In this work, we investigate the problem of out-of-distribution (OOD) generalization for unsupervised learning methods on graph data. This scenario is particularly challenging because graph neural networks (GNNs) have been shown to be sensitive to distributional shifts, even when labels are available. To address this challenge, we propose a \underline{M}odel-\underline{A}gnostic \underline{R}ecipe for \underline{I}mproving \underline{O}OD generalizability of unsupervised graph contrastive learning methods, which we refer to as MARIO. MARIO introduces two principles aimed at developing distributional-shift-robust graph contrastive methods to overcome the limitations of existing frameworks: (i) Information Bottleneck (IB) principle for achieving generalizable representations and (ii) Invariant principle that incorporates adversarial data augmentation to obtain invariant representations. To the best of our knowledge, this is the first work that investigates the OOD generalization problem of graph contrastive learning, with a specific focus on node-level tasks. Through extensive experiments, we demonstrate that our method achieves state-of-the-art performance on the OOD test set, while maintaining comparable performance on the in-distribution test set when compared to existing approaches. The source code for our method can be found at: //github.com/ZhuYun97/MARIO

損失 · 圖像分割 · 情景 · UNet · 損失函數（機器學習） ·

2023 年 8 月 1 日

Boundary Difference Over Union Loss For Medical Image Segmentation

Fan Sun,Zhiming Luo,Shaozi Li

from arxiv, MICCAI 2023

Medical image segmentation is crucial for clinical diagnosis. However, current losses for medical image segmentation mainly focus on overall segmentation results, with fewer losses proposed to guide boundary segmentation. Those that do exist often need to be used in combination with other losses and produce ineffective results. To address this issue, we have developed a simple and effective loss called the Boundary Difference over Union Loss (Boundary DoU Loss) to guide boundary region segmentation. It is obtained by calculating the ratio of the difference set of prediction and ground truth to the union of the difference set and the partial intersection set. Our loss only relies on region calculation, making it easy to implement and training stable without needing any additional losses. Additionally, we use the target size to adaptively adjust attention applied to the boundary regions. Experimental results using UNet, TransUNet, and Swin-UNet on two datasets (ACDC and Synapse) demonstrate the effectiveness of our proposed loss function. Code is available at //github.com/sunfan-bvb/BoundaryDoULoss.

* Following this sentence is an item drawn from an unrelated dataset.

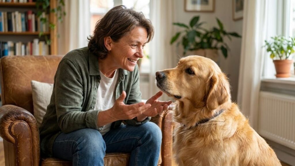 While describing their day to a pet, attention often shifts to physical sensations like warmth, sound, and rhythm. Distractions fade, even briefly.
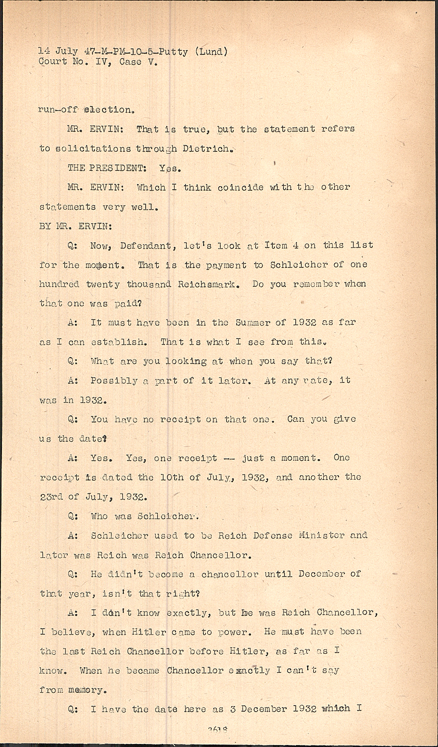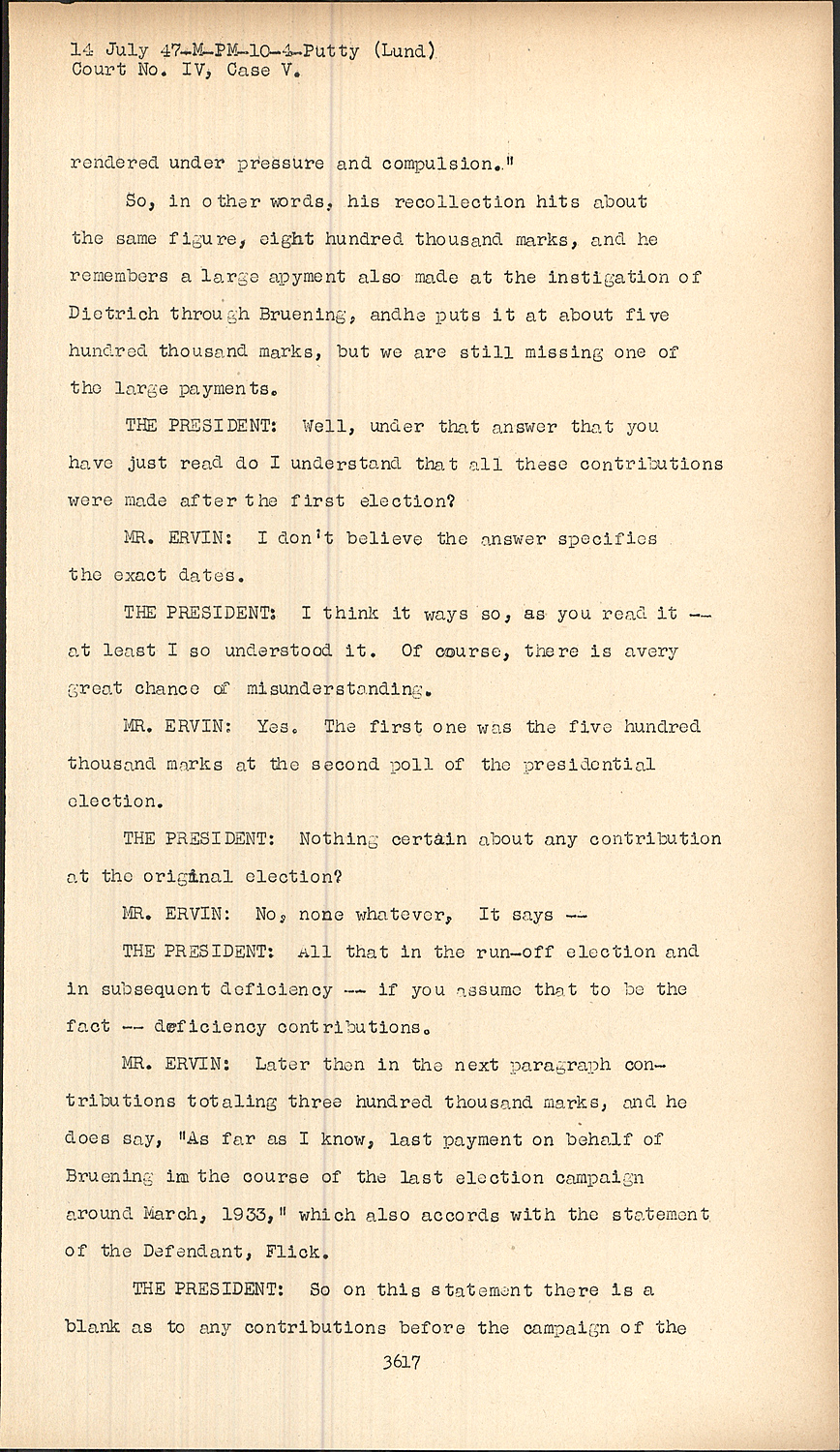 MR. ERVIN:Later then in the next paragraph contributions totaling three hundred thousand marks, and he does say, "As far as I know, last payment on behalf of Bruening in the course of the last election campaign around March, 1933," which also accords with the statement of the Defendant, Flick.

回合 · SLIP · MoDELS · Learning · Networking ·

2023 年 7 月 31 日

Probabilistic Traversability Model for Risk-Aware Motion Planning in Off-Road Environments

Xiaoyi Cai,Michael Everett,Lakshay Sharma,Philip R. Osteen,Jonathan P. How

from arxiv, To appear in IROS23. Video and code: //github.com/mit-acl/mppi_numba

A key challenge in off-road navigation is that even visually similar terrains or ones from the same semantic class may have substantially different traction properties. Existing work typically assumes no wheel slip or uses the expected traction for motion planning, where the predicted trajectories provide a poor indication of the actual performance if the terrain traction has high uncertainty. In contrast, this work proposes to analyze terrain traversability with the empirical distribution of traction parameters in unicycle dynamics, which can be learned by a neural network in a self-supervised fashion. The probabilistic traction model leads to two risk-aware cost formulations that account for the worst-case expected cost and traction. To help the learned model generalize to unseen environment, terrains with features that lead to unreliable predictions are detected via a density estimator fit to the trained network's latent space and avoided via auxiliary penalties during planning. Simulation results demonstrate that the proposed approach outperforms existing work that assumes no slip or uses the expected traction in both navigation success rate and completion time. Furthermore, avoiding terrains with low density-based confidence score achieves up to 30% improvement in success rate when the learned traction model is used in a novel environment.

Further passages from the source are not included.